Ok, we need to get rid of this house.. Now. My parents are divorced and my mom cant afford the morgtage. I suggested one of those Sell your house for cash agencies but shes afraid of getting scammed. So once again, I turn my question to the wonderful comminuty here to see if anyone has any idea of a reputable service who will take my house off our hands for cash fast. 

Thanks as always,
Maggz


----------



## tdi_veedub (Jan 29, 2004)

Some questions for you:

How much is the mortgage?
How much is left owing?
How much was the house purchased for?
How much is it worth now?
Will it pass a building inspection without needing repairs?

Why would she want to sell the house, only to turn around and pay rent? Do you work? Are you able to work?

Basically, what I am saying is, do everything you can to keep the house. It is the only good investment anyone can make these days, but it is only good once it's paid off.
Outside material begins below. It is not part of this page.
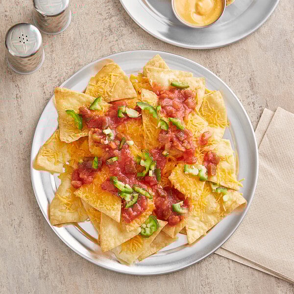 The wide rim design holds the pizza in place, which makes it perfect for fast-paced environments, ensuring the product reaches your guests and not the floor. Plus, it's excellent for conducting heat, which cooks pizzas evenly and quickly. This cost-efficient metal tray pairs with paper food wraps (sold separately) that vary the options of display when used for serving.

Unless your house has appreciated immensely in value, chances are, once all of the fees are paid, you won't get any extra cash once it's sold. If your mom is in a position where the house is worth more than what is owed on the mortgage, why not just reverse mortgage it? Then she could either use the extra money to pay down what's left owing, or use the money until you guys get back on your feet, and keep the house to boot.

What ever you do, do NOT use one of those agencies to sell the house. Do it properly, if it is well maintained, and is in a good market, it will sell in no time.


----------



## Maggz (Jun 27, 2003)

Mortgage - 1,400
Owing - over 150k
Paid - 410k
Worth - 420k
Ony repairs needed is a paint job cause i scorched my rooms ceiling (dont ask)

My mom makes 1,600 a month. Mortage is 1,400 leaving us with $200 to pay for utilities, pets, food, gas, unexpected emergencies, ect

I personally am able to work, and im looking. My mom has about $600 left in her account as of now and the mortage is comming up again. 

The house has been on the market for about 3 months to no avail of selling.
*sigh*


----------



## tdi_veedub (Jan 29, 2004)

There is 410K paid on a house that is worth 420K and there is still 150K owing?

Dang, that's tough, might as well just stay there and try to make it work. If she is able to sell the house, she will still owe 150K, because the house is only worth 420. The most likely reason noone is buying is because of leins attached to the house. 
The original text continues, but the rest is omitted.